Steinbrück und das Geld – die Mainzer Karnevalisten greifen das auch beim Rosenmontag auf. Für das Peerblog fließen die Mittel angeblich von fünf Unternehmern an die Agentur von Karl-Heinz Steinkühler, der zuletzt am Nürburgring PR-Fäden gezoigen hatte.
Steinbrück und das Geld – die Mainzer Karnevalisten greifen das auch beim Rosenmontag auf. Für das Peerblog fließen die Mittel angeblich von fünf Unternehmern an die Agentur von Karl-Heinz Steinkühler, der zuletzt am Nürburgring PR-Fäden gezoigen hatte.
Foto: dpa

Angelehnt an amerikanische Unterstützerinitiativen etwa für US-Präsident Barack Obama, wollen Steinkühler und seine Mitarbeiter die digitale Kommunikation für Steinbrück ergänzen und „für ihn bloggen“, wie es auf der Internetseite heißt. „Er hat sein Okay gegeben, dass wir seinen Namen für diesen Blog nutzen können. Abseits seiner Partei“. Als Gastautor fungiert der frühere NRW-Minister Axel Horstmann (SPD).

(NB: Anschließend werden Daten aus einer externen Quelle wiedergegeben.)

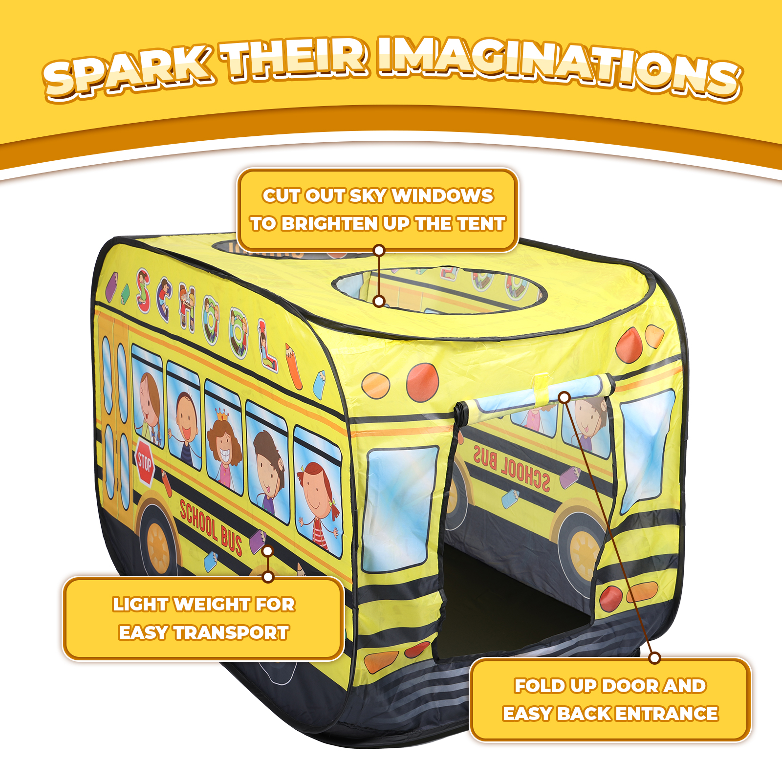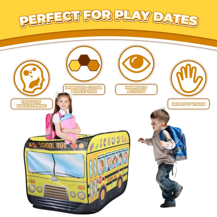 Travel Buddy – Take the fun on the road with the School Bus Pop Up Tent – your ultimate travel buddy! Its lightweight and compact design makes it easy to pack in your car trunk, while its durable materials can withstand any adventure – at the beach or in the park. Surely, it will keep your little ones entertained no matter where you go!
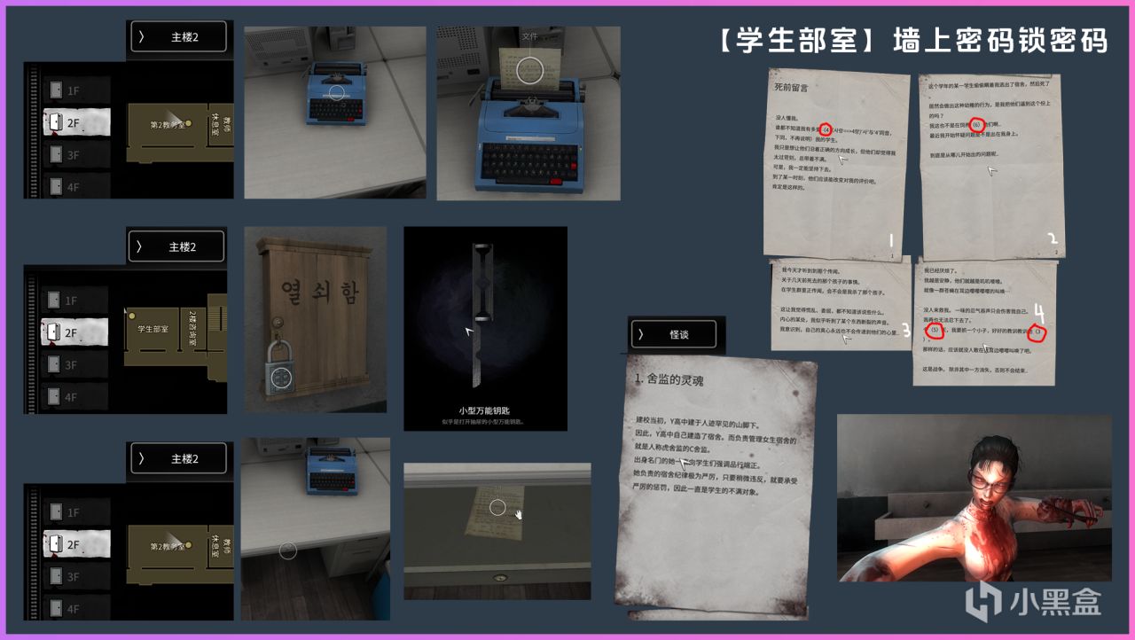 主樓2:2F【第二教務室】插入打字機按鍵 傳聞 【死前留言】 密碼隨機遇
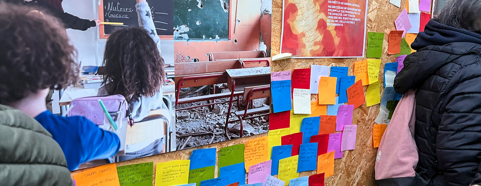 Giochi, riflessioni, abbracci e colori hanno illuminato una giornata grigia, accompagnandoci fino alla marcia con gli 8 totem ricoperti dalle strisce colorate che ricordano i 12.000 bambini di cui rimangono solo i nomi.
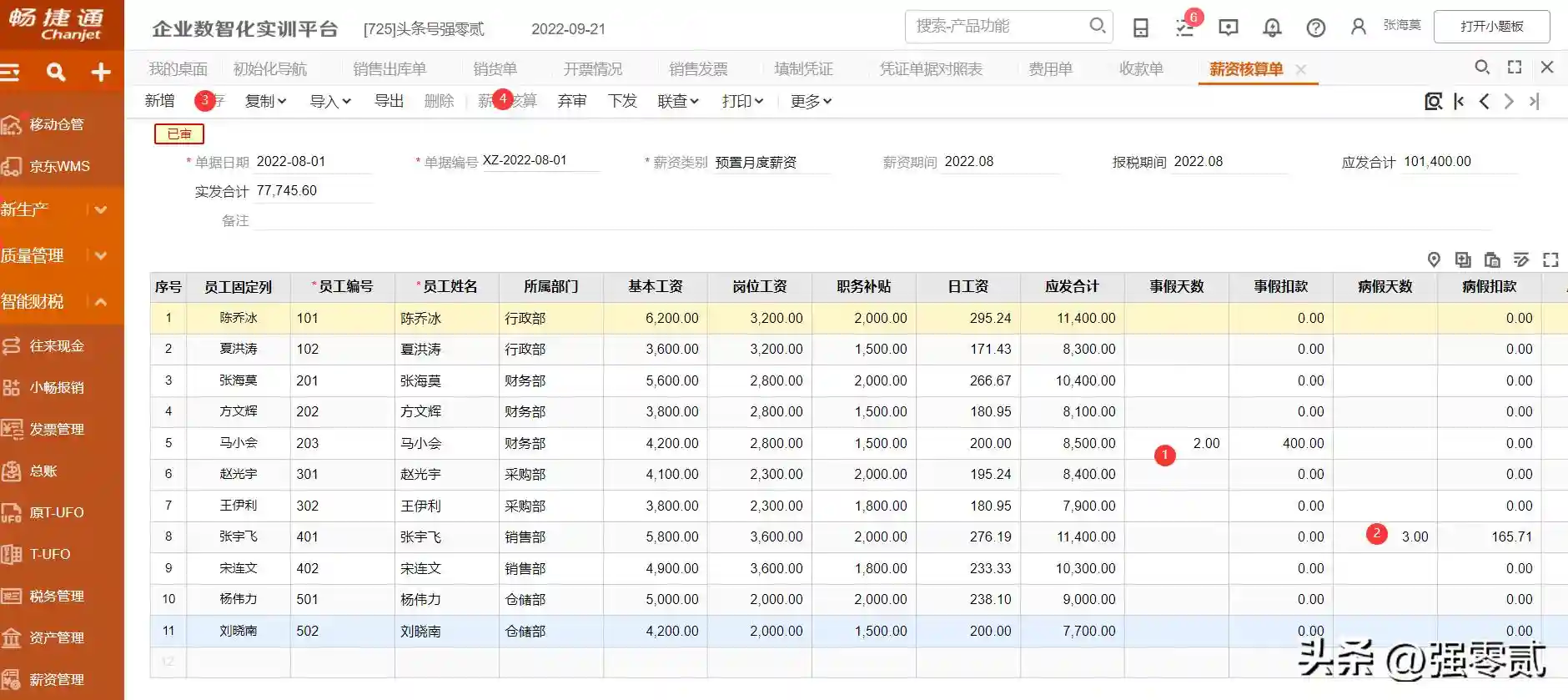 a.【智能财税】-【薪资管理】-【薪资核算单】
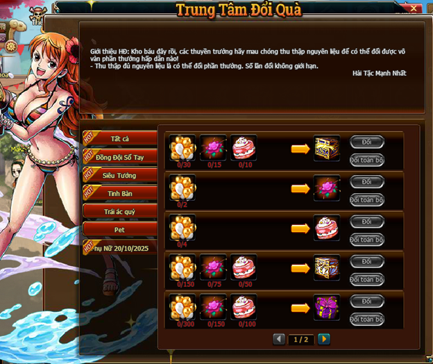 • Khuyến cáo các thuyền trưởng nên đổi lần lượt từng vật phẩm , hạn chế đổi toàn bộ để đề phòng tránh tổn thất không đáng có

Unternehmer sollen das Internetforum sponsern

Das Blog sei unabhängig, betonen die Autoren. Die Internetseite werde von „herausragenden Unternehmerpersönlichkeiten in Deutschland“ finanziert. Diese schätzten Steinbrück, seine politische Kompetenz und seine Persönlichkeit, heißt es. Seit Sonntag ist „peerblog.de“ online. Den Vorwurf, dass es sich dabei um verdeckte Parteienfinanzierung halten könnte, weist Steinkühler zurück.

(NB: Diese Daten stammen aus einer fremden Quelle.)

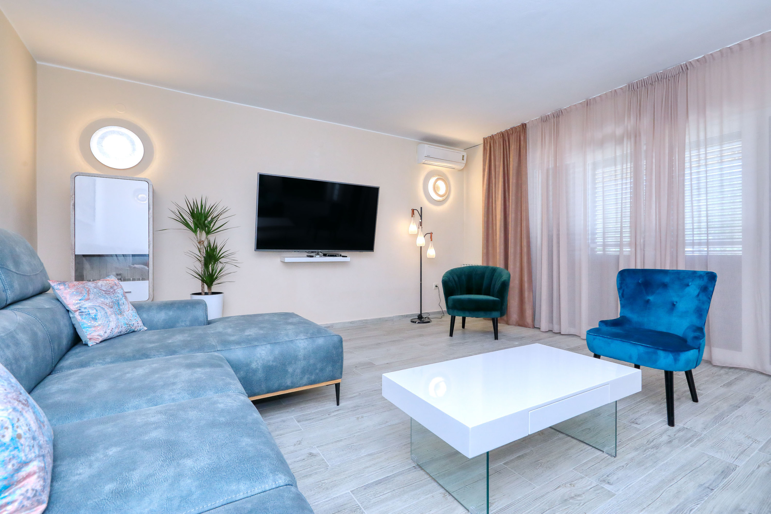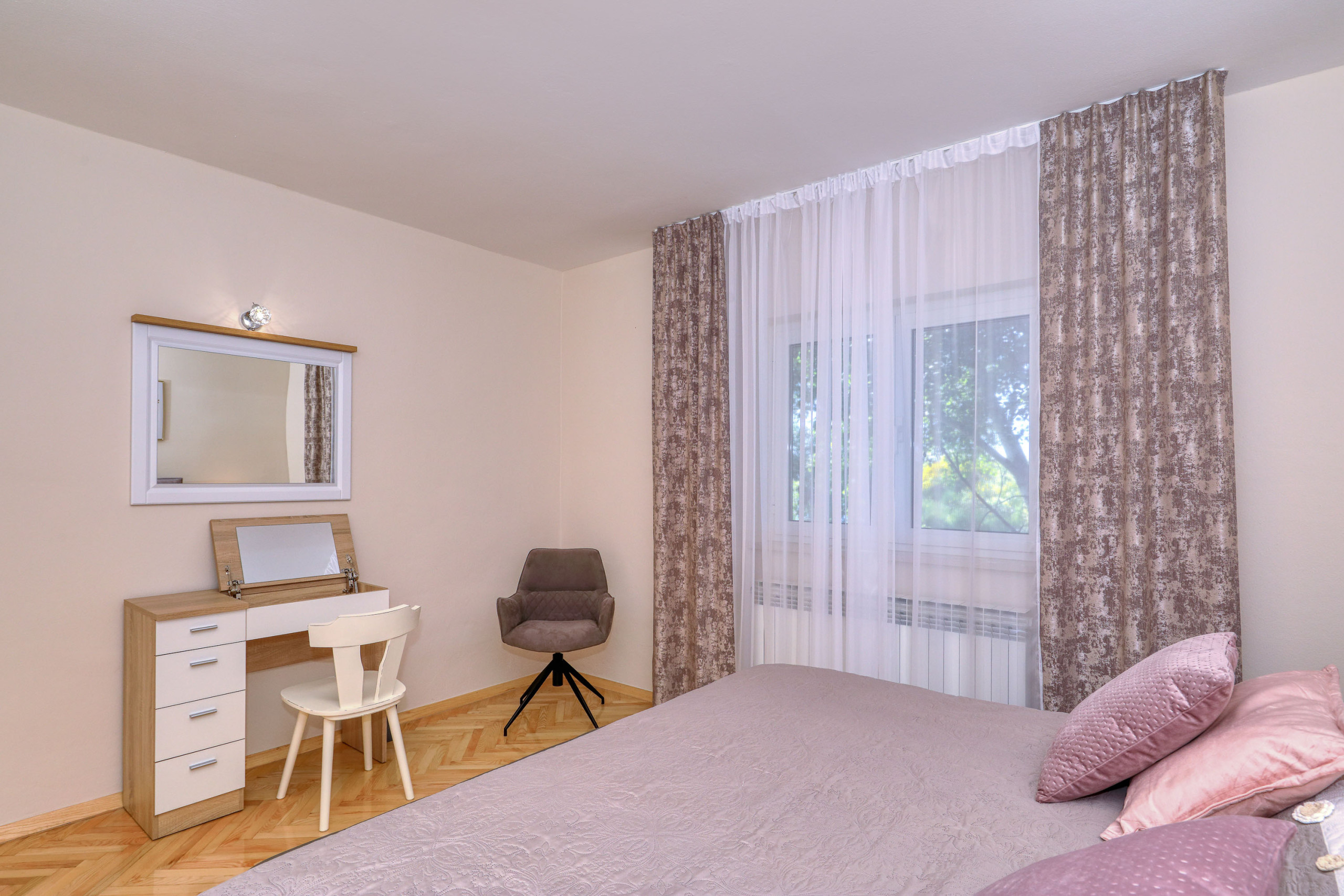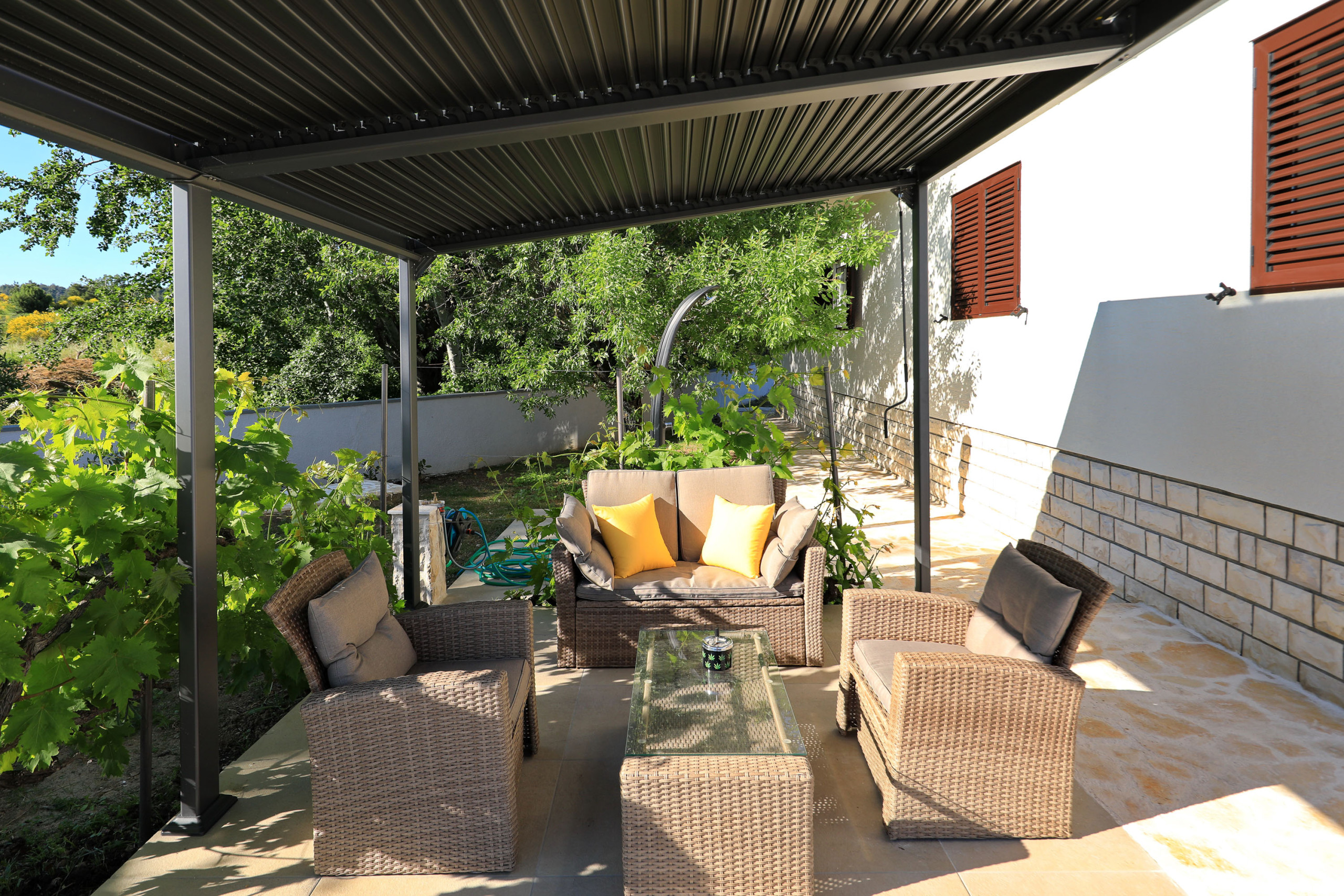 The accommodation is equipped with the following items: garden, garden furniture, 70 m² terrace, washing machine, barbecue, iron, safe, internet (Wi-Fi), hair dryer, balcony, childrens area, heat pump, air-conditioned, open-air parking the same building, mosquito net/nets in the bedroom, 1 TV, satellite tv.

Der „Spiegel“ berichtete, das Blog werde von fünf Unternehmern unterstützt. Angeblich sollen der Gründer einer Münchener Internetfirma und ein Hamburger Kaufmann dazugehören. Nach Informationen unserer Zeitung ist auch ein NRW-Medienmanager dazbei. Alle zusammen hätten einen sechsstelligen Betrag beigetragen. Warum Steinkühler die Unternehmer verschweigt, wird nun kritisch kommentiert. Beim Kurzmitteilungsdienst Twitter erinnern Autoren an Helmut Kohls Spendenskandal. Der Altkanzler verschweigt bis heute die Namen von Großspendern. Auch in der SPD wird die Initiative mit Sorge gesehen. „Hoffentlich ist bei den Unterstützern keiner aus der Bankenszene dabei“, sagt ein SPD-Mann.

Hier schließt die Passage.